Suppose that a man with Bill Clinton's charisma and wayward habits were the son of Billy Graham and had become the most famous liberal preacher in the country. He might be something like a contemporary equivalent of the 19th-century superstar pastor Henry Ward Beecher.

Though surpassed in fame by his sister, "Uncle Tom's Cabin" author Harriet Beecher Stowe, Henry Ward Beecher became renowned for his antislavery campaigns before the Civil War and thereafter was regarded as America's most influential cleric in an age of public piety. Then in 1875 he was tried on charges of adultery with the wife of a famous protégé. For a year he stood at the center of a bad-publicity maelstrom before the case was dismissed due to a hung jury. His charm was so great that he survived with his reputation only slightly tarnished.

Even if Beecher's life had not taken a lurid turn into the courtroom, he would remain an inherently fascinating man. His father, the Rev. Lyman Beecher, was an heir to New England Calvinism and a leading figure in keeping the Calvinist tradition a force in the revivals and reforms of the "Second Great Awakening" that turned mid-19th-century America into an evangelical stronghold.

The Beechers were a remarkable clan: A good half-dozen of the children, including Henry Ward and Harriet, had national reputations as preachers or writers and reformers.
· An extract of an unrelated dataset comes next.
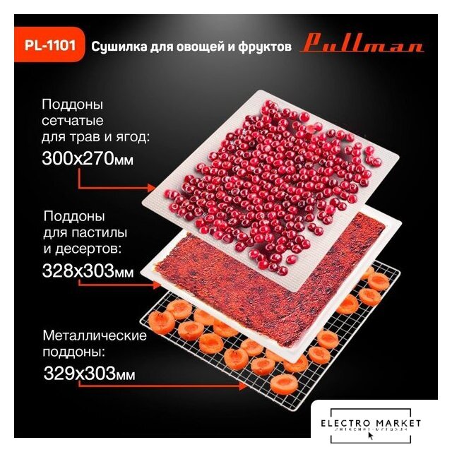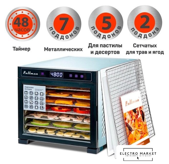 | Комплектация | 7 поддонов из нержавеющей стали. 5 поддонов для пастилы. 2 сетки для мелких продуктов.Книга рецептов в комплекте |

Henry Ward started out in the shadow of his father and his father's theology, but then he established a national reputation as a pastor in Brooklyn in the 1850s and gradually supplanted his father's stern teachings with more optimistic views of human nature and of the accessibility of God's love.





As an antislavery advocate, Beecher was in on the ground floor of the founding of the Republican Party and did not hesitate to campaign for its candidates from the pulpit. He also pointed up the cruelty of slavery, for his parishioners and other Northerners, by holding mock slave auctions in his massive church--and using the affairs to raise money to buy the freedom of young female slaves who would otherwise be sold into virtual prostitution. Though Beecher was not the most radical of antislavery leaders, he was one of the most effective. Aspiring politicians such as Abraham Lincoln sought him out and welcomed his aid.
In "The Most Famous Man in America," Debby Applegate does not skimp in presenting the considerable evidence of Beecher's moral failings. In her telling, it is the story of someone from a rather austere background who yields to the temptations that accompany wealth and adulation.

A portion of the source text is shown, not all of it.